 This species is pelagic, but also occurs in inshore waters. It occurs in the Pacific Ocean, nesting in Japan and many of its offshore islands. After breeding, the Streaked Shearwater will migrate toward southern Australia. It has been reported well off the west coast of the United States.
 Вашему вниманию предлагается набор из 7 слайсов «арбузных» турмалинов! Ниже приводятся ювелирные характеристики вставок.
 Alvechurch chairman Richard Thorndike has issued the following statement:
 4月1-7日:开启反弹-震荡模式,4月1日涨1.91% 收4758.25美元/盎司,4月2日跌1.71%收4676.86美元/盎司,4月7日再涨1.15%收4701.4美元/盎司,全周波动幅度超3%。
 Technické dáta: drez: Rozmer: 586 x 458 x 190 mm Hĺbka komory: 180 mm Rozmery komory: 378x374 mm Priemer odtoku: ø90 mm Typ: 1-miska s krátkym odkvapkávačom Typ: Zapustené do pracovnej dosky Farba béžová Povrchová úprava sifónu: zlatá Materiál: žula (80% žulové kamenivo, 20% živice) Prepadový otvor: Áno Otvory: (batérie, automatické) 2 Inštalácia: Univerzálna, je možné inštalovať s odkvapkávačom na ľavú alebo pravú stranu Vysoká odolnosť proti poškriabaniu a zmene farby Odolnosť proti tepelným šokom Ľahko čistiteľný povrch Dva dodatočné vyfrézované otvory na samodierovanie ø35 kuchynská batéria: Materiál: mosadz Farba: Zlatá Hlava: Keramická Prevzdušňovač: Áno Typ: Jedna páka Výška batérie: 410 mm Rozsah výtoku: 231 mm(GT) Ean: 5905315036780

==

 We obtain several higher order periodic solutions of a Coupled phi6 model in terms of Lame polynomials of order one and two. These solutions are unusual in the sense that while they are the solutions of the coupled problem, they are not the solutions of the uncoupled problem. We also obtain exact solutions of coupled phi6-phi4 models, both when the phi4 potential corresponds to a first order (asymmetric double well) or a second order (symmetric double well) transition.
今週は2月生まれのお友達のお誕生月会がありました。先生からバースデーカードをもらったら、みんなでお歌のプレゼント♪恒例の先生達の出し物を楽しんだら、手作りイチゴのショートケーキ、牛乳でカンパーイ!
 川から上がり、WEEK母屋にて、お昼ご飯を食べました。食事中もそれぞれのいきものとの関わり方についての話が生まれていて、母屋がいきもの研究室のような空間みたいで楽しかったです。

To do: Copy out every line of the material above that mentions the word "also".

Exercise solution:
 This species is pelagic, but also occurs in inshore waters. It occurs in the Pacific Ocean, nesting in Japan and many of its offshore islands. After breeding, the Streaked Shearwater will migrate toward southern Australia. It has been reported well off the west coast of the United States.
 We obtain several higher order periodic solutions of a Coupled phi6 model in terms of Lame polynomials of order one and two. These solutions are unusual in the sense that while they are the solutions of the coupled problem, they are not the solutions of the uncoupled problem. We also obtain exact solutions of coupled phi6-phi4 models, both when the phi4 potential corresponds to a first order (asymmetric double well) or a second order (symmetric double well) transition.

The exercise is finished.